=== Begin Enclosure ===

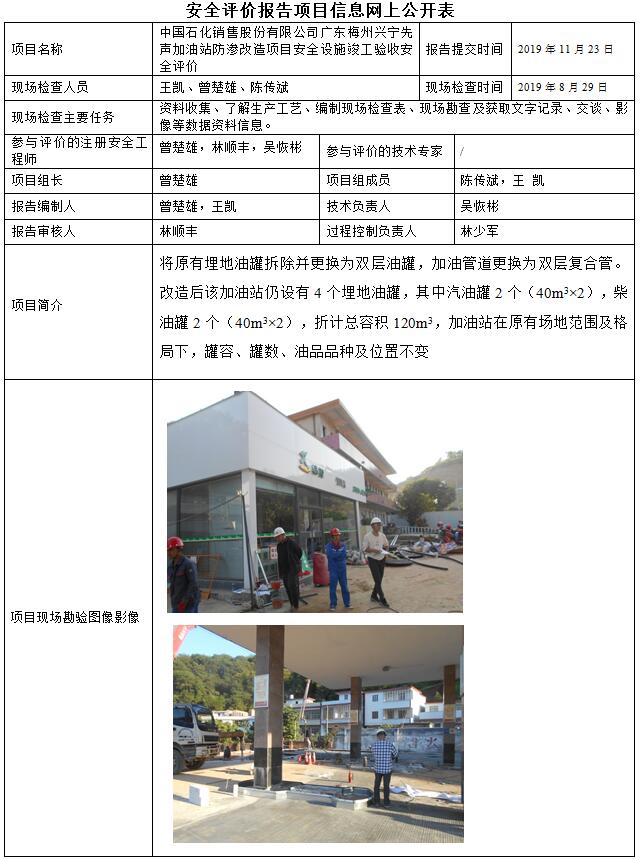中国石化销售股份有限公司广东梅州兴宁先声加油站防渗改造项目安全设施竣工验收安全评价
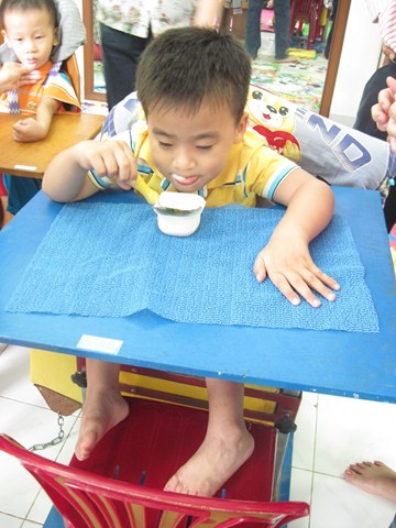 Cho trẻ ngồi đúng tư thế với dụng cụ trợ giúp sẽ giúp trẻ rất nhiều trong việc phục hồi chức năng
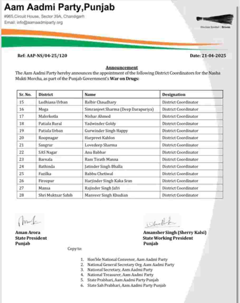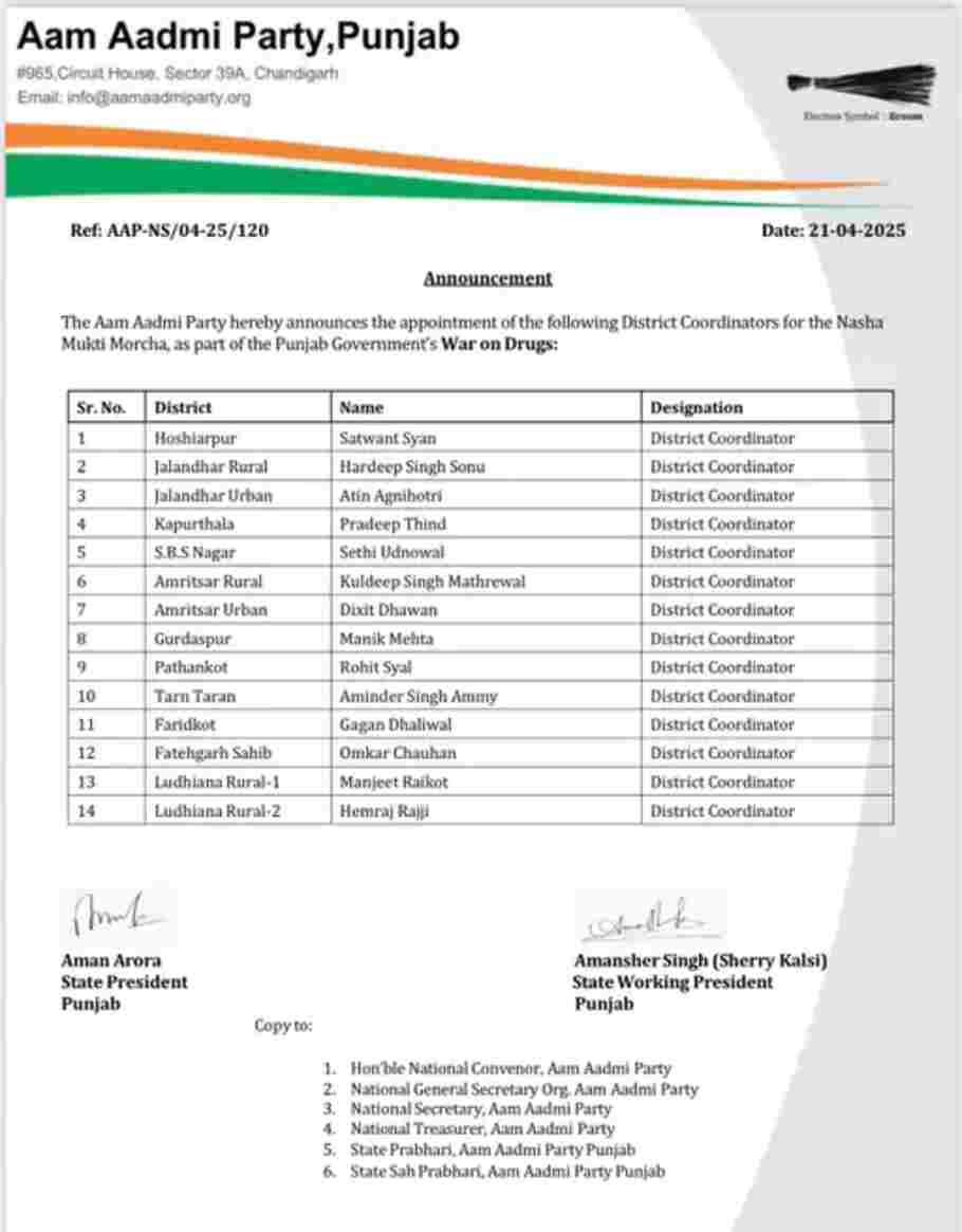Punjab News: पंजाब में नशे की समस्या काफी समय से एक गंभीर सामाजिक चुनौती बनी हुई थी। युवाओं का भविष्य बर्बाद कर रहे इस जहर के खिलाफ पंजाब की भगवंत सिंह मान सरकार (Bhagwant Mann Sarkar) ने निर्णायक जंग छेड़ दी है। नशा तस्करों (Drug Smugglers) पर सख्त कार्रवाई के साथ-साथ अब मान सरकार ने नशा पीड़ितों को इलाज और पुनर्वास की दिशा में बड़ा कदम उठाया है। नशा छुड़ाओ मोर्चा के तहत शुरू की गई इस मुहिम को हर जिले तक पहुंचाने के लिए भगवंत मान सरकार (Bhagwant Mann Sarkar) ने सभी जिलों में कोऑर्डिनेटर (Coordinator) नियुक्त किए हैं, जो स्थानीय स्तर पर जागरूकता फैलाने और नशे को लेकर बीमार लोगों के इलाज के लिए अहम भूमिका निभाएंगे। पंजाब के मुख्यमंत्री भगवंत सिंह मान (CM Bhagwant Singh Mann) ने नशा के खिलाफ एक नया नारा दिया है “नशा हारेगा, पंजाब जीतेगा।” इसके साथ ही, आम आदमी पार्टी (Aam Aadmi Party) ने नशा मुक्ति मोर्चा के लिए सभी जिलों में कोऑर्डिनेटर नियुक्त कर उन्हें पंजाब को नशा मुक्त बनाने में अहम योदगान देने की अपील की है।

=== End Enclosure ===

● **Goal of the exercise**
Go through the data above and print exactly the lines from its first line through the line holding "Cho trẻ ngồi", both included, leaving pictures aside.

● **Written solution**
中国石化销售股份有限公司广东梅州兴宁先声加油站防渗改造项目安全设施竣工验收安全评价
 Cho trẻ ngồi đúng tư thế với dụng cụ trợ giúp sẽ giúp trẻ rất nhiều trong việc phục hồi chức năng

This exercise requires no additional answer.